### What is needed
Word-for-word repetition of the records below is needed, but only from the line holding "A STEIFF white" through the final line, with pictures excluded.
=== The data ===
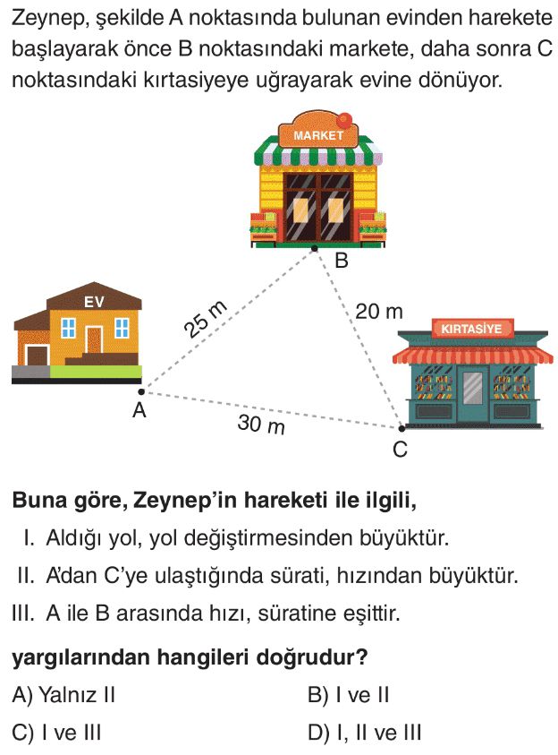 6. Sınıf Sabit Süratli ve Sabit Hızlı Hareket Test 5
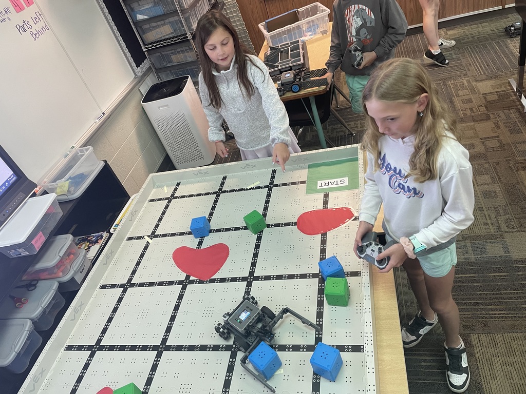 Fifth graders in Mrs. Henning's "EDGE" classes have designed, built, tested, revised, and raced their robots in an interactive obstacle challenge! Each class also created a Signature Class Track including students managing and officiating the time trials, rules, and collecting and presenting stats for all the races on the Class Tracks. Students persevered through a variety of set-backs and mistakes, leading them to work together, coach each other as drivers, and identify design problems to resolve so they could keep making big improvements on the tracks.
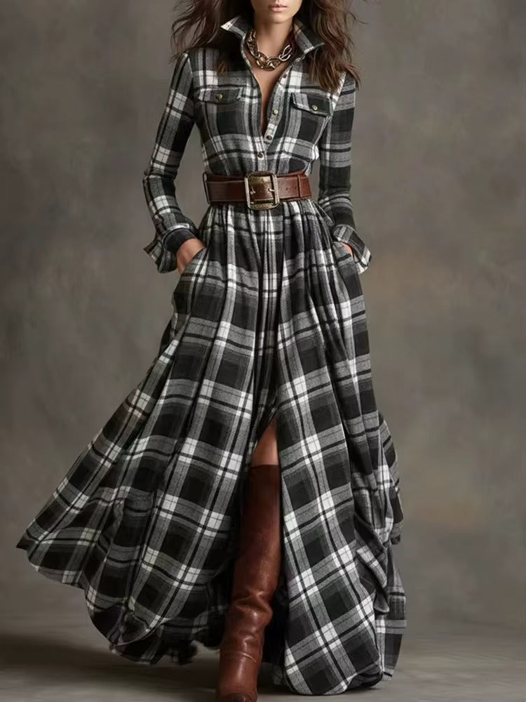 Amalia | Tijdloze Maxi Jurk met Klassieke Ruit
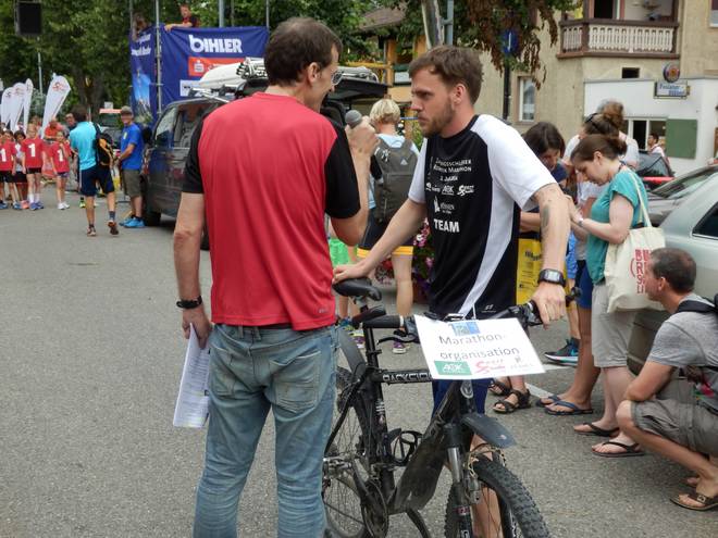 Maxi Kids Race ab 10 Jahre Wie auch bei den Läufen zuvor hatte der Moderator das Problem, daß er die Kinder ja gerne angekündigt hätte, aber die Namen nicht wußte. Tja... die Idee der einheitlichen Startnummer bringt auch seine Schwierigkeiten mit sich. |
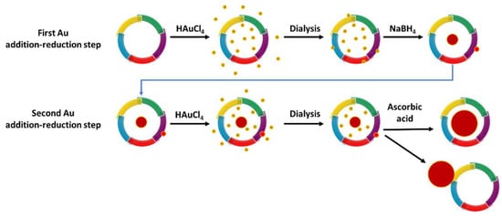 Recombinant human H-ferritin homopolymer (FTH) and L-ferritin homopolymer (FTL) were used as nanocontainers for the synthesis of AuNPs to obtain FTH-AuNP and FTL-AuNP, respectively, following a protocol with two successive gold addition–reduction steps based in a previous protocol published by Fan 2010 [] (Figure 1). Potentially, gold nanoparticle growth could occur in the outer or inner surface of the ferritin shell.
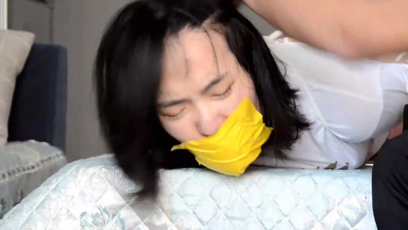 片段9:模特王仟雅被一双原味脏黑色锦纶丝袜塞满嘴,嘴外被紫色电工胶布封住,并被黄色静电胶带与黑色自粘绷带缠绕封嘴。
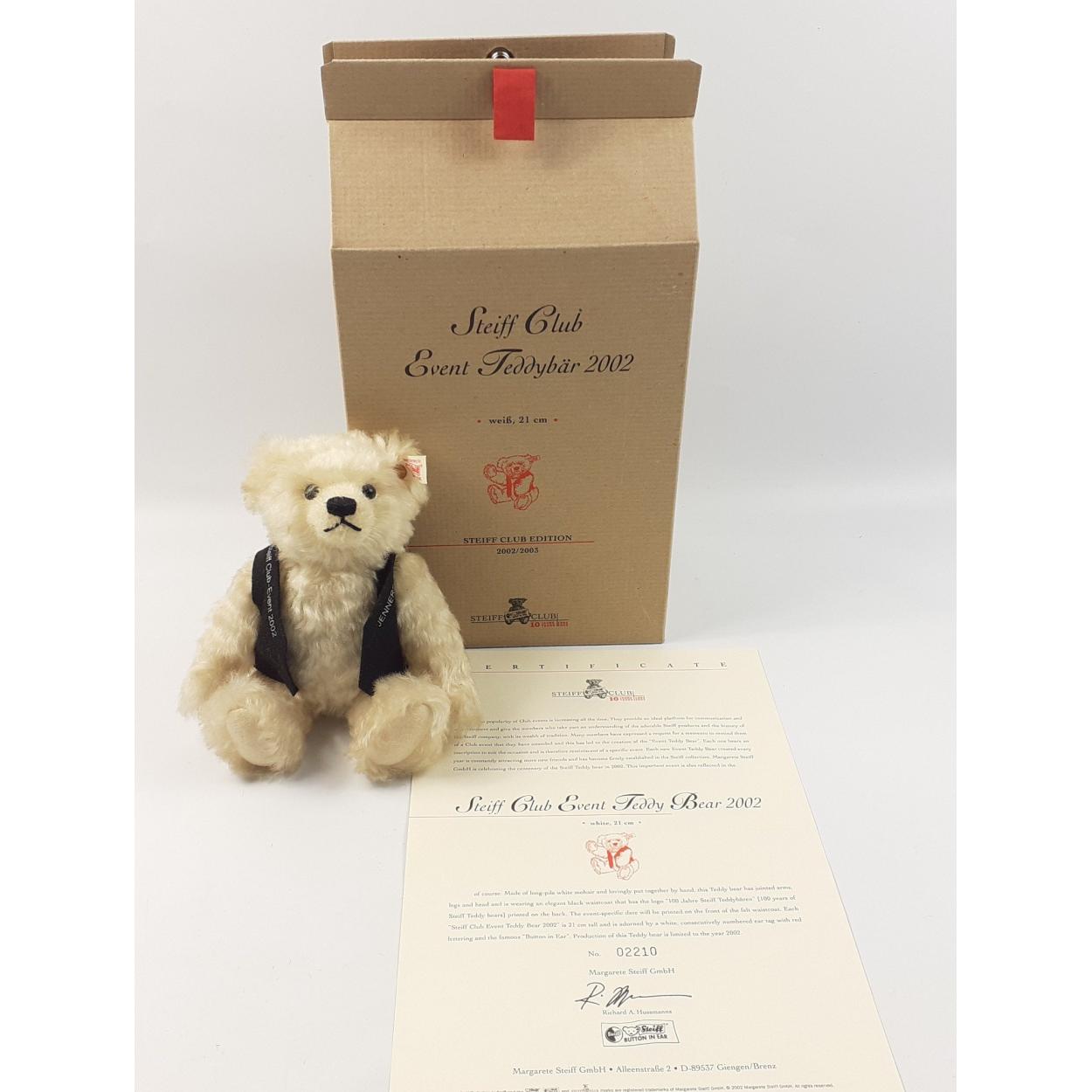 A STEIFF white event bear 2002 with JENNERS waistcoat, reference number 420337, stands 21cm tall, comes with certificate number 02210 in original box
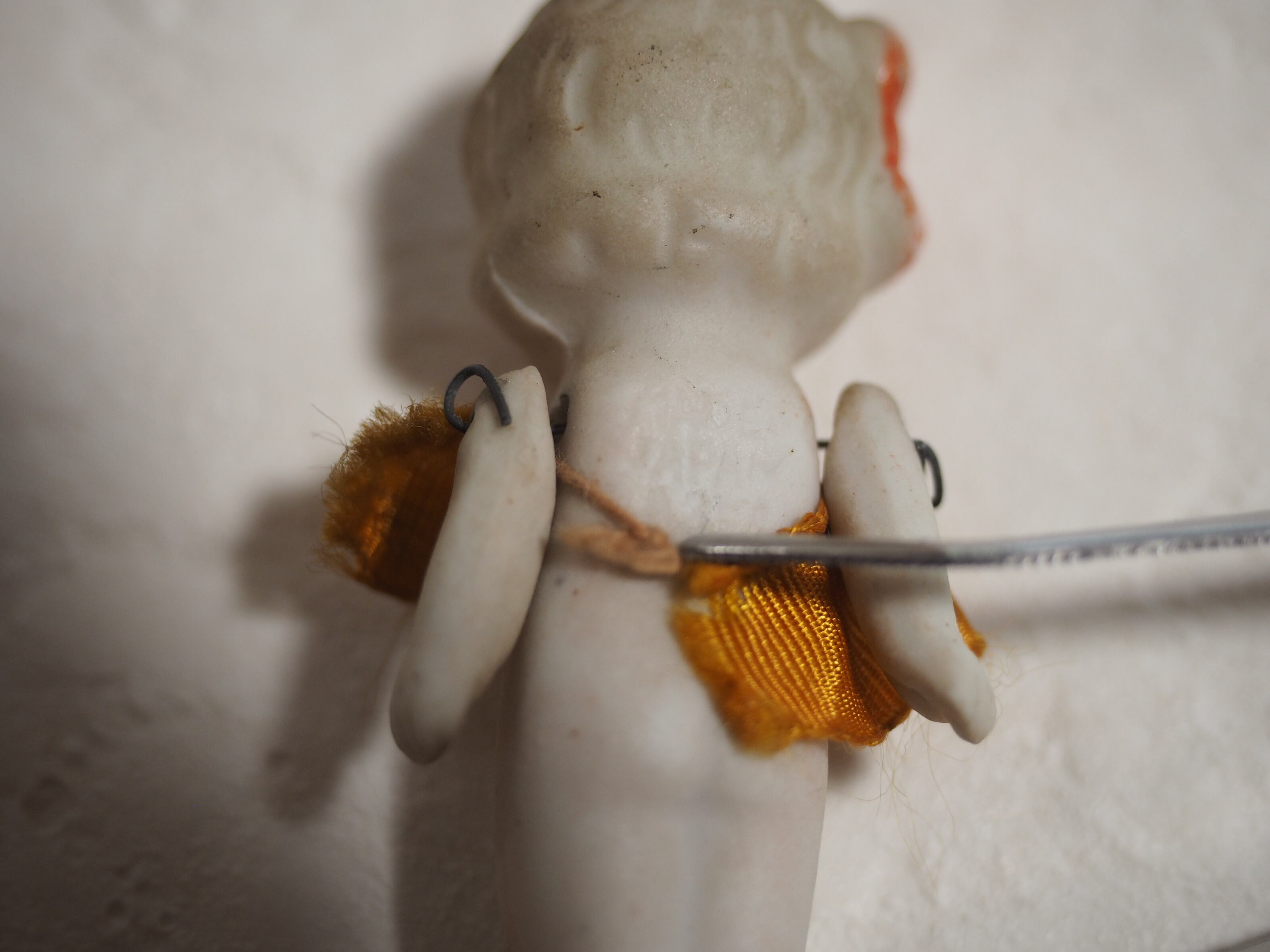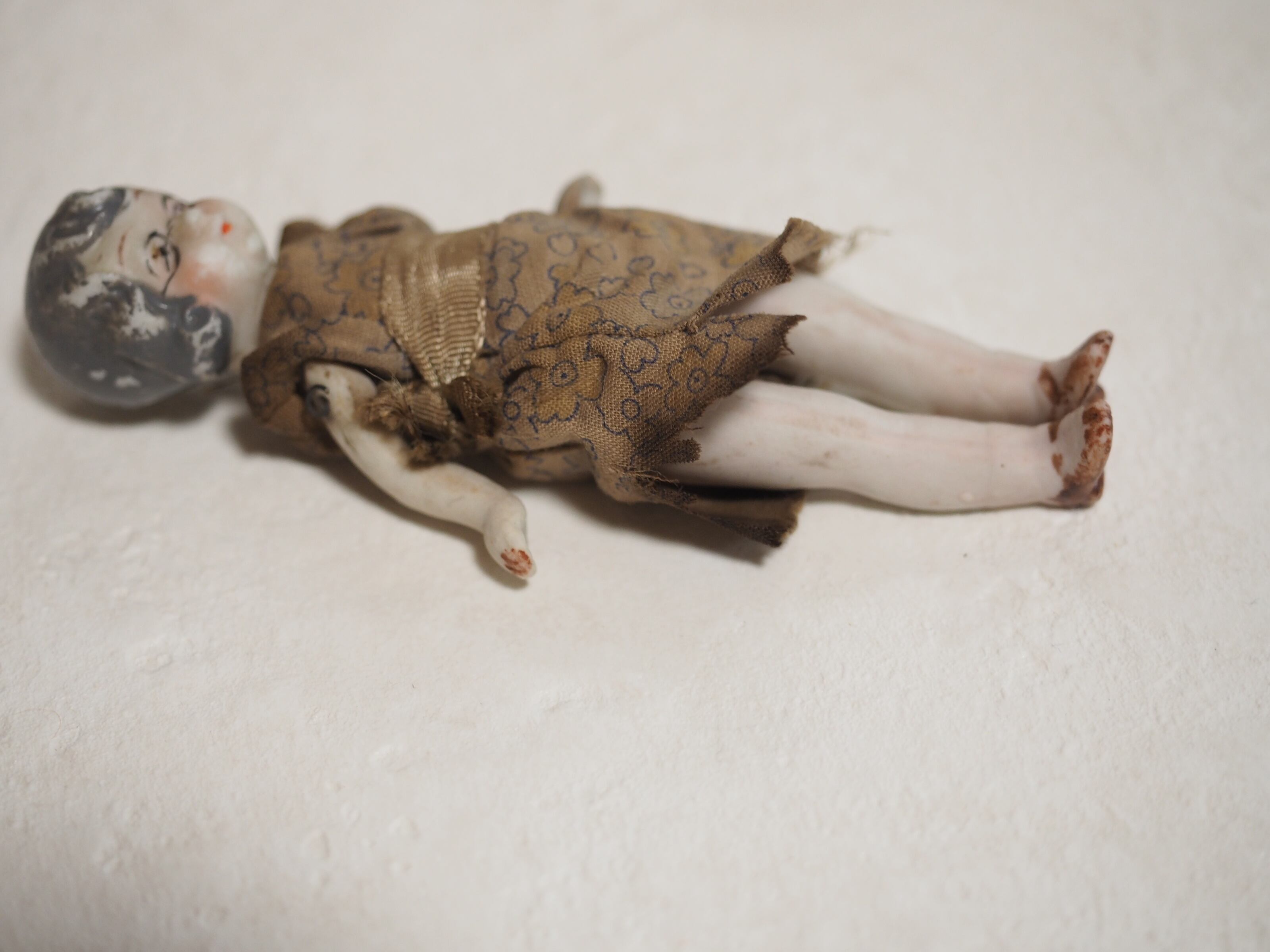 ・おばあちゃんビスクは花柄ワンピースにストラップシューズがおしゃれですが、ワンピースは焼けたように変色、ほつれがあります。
===
### Reply to the exercise
 A STEIFF white event bear 2002 with JENNERS waistcoat, reference number 420337, stands 21cm tall, comes with certificate number 02210 in original box
 ・おばあちゃんビスクは花柄ワンピースにストラップシューズがおしゃれですが、ワンピースは焼けたように変色、ほつれがあります。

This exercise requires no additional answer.